Fütterungsfrequenz (Kleen & Cannizzo, 2012).

Aufgrund dieser vielfältigen Beziehungen besteht eine gewisse Unsicherheit bei der

Definierung der pH-Antwort im Pansen. Diese Faktoren zusammengenommen, machen es so schwierig, die Effekte der peNDF auf die ruminale Fermentation quantitativ zu

charakterisieren und für die Prävention von SARA zu nutzen (Zebeli et al., 2008).

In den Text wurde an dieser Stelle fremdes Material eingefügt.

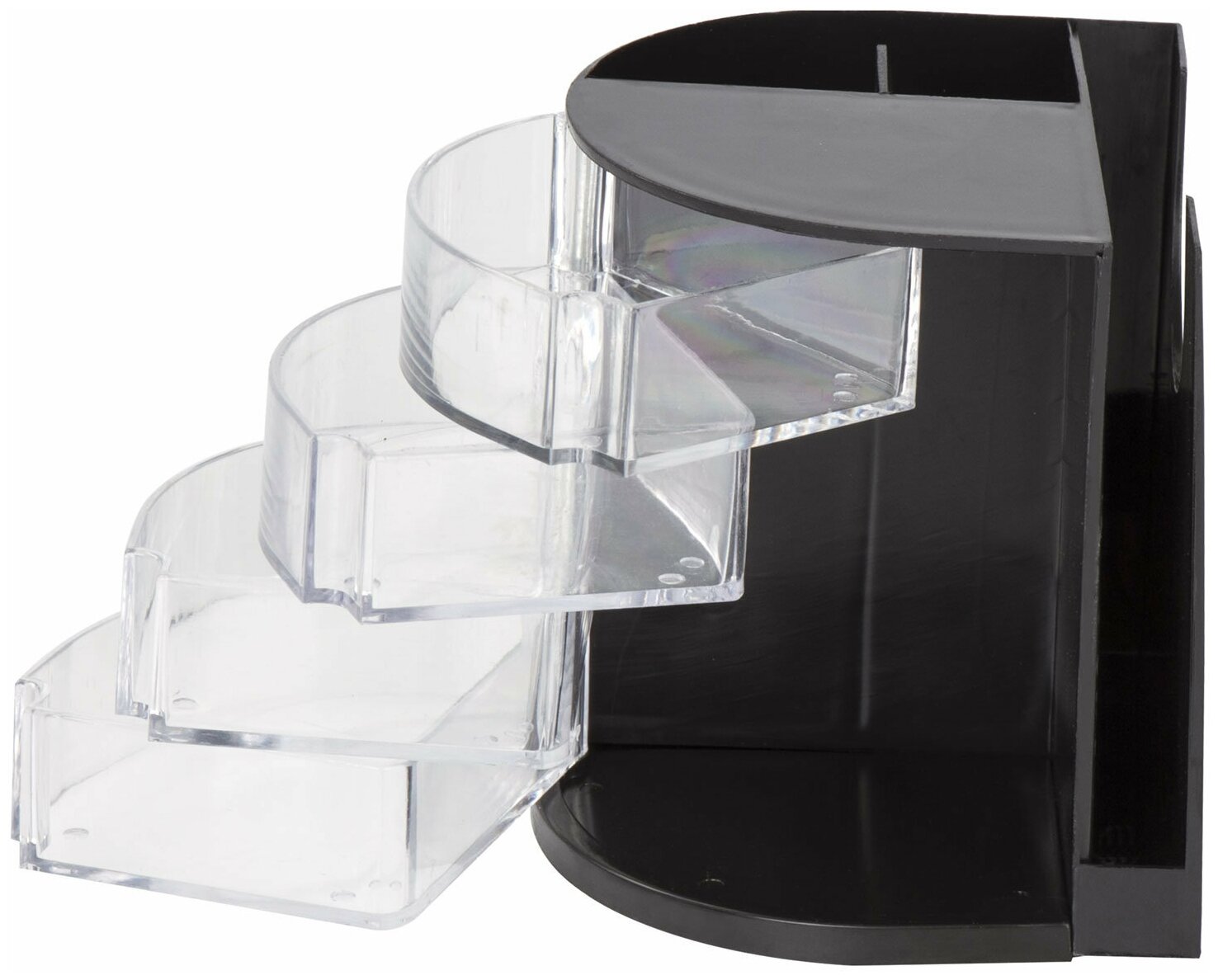 Офисный органайзер Staff Веер с канцелярскими принадлежностями позволяет экономно использовать пространство на рабочем столе. Удобная веерная конструкция обеспечивает свободный доступ к канцелярским мелочам, а его вместимость и комплектация помогут оптимизировать рабочий процесс. Выдвижные лотки выполнены из прозрачного пластика, что позволяет увидеть содержимое, не выдвигая их. Органайзер выполнен из высококачественных материалов и рассчитан на долгий срок службы.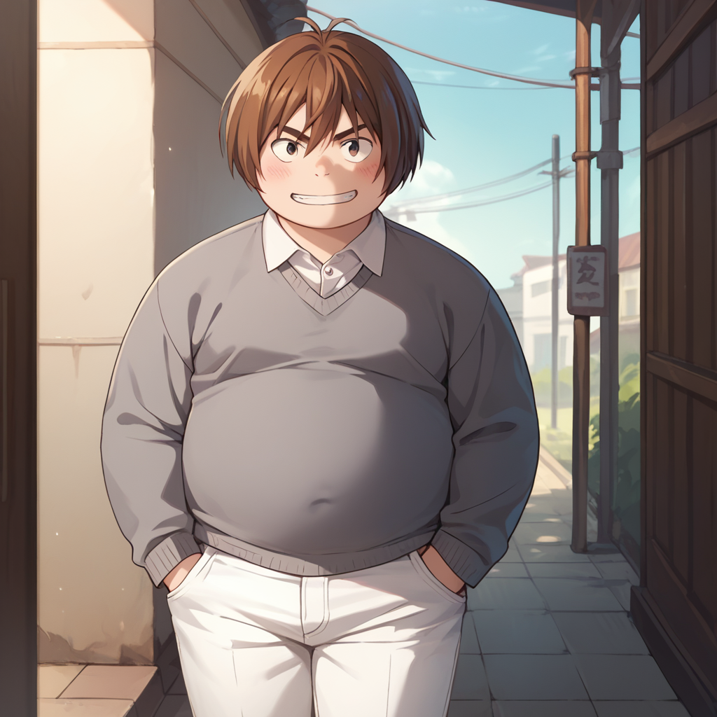 이 캐릭터는 애니메이션 내에서 여러 옷을 입고 나오기 때문에 특정한 외모는 없습니다만, 일반적인 모습은 다음과 같습니다:

Bislang existieren daher nur ungefähre Richtwerte um von der peNDF auf das Risiko einer SARA zu schließen. Demnach wird ein Absinken des pH-Wertes in den für SARA kritischen Bereich verhindert, wenn mindestens 12,5% peNDF>8 in der Trockensubstanz (TS) der Gesamtration vorhanden sind (Plaizier, 2004, Beauchemin, 2007, Rossow, 2008). Von Zebeli et al. (2008) wird ein Wert von 30 bis 33% peNDF>1,18 bzw. 18,5% peNDF>8 in der TS der Ration als optimal angegeben, um das Risiko einer SARA zu minimieren.

Festzuhalten bleibt, dass die hier aufgeführten Erkenntnisse aus experimentellen und nicht aus Feldversuchen stammen. Kleen & Cannizzo (2012) stellen in diesem Zusammenhang die Frage, ob die bislang durchgeführten Versuche tatsächlich die Situation im Feld wiedergeben.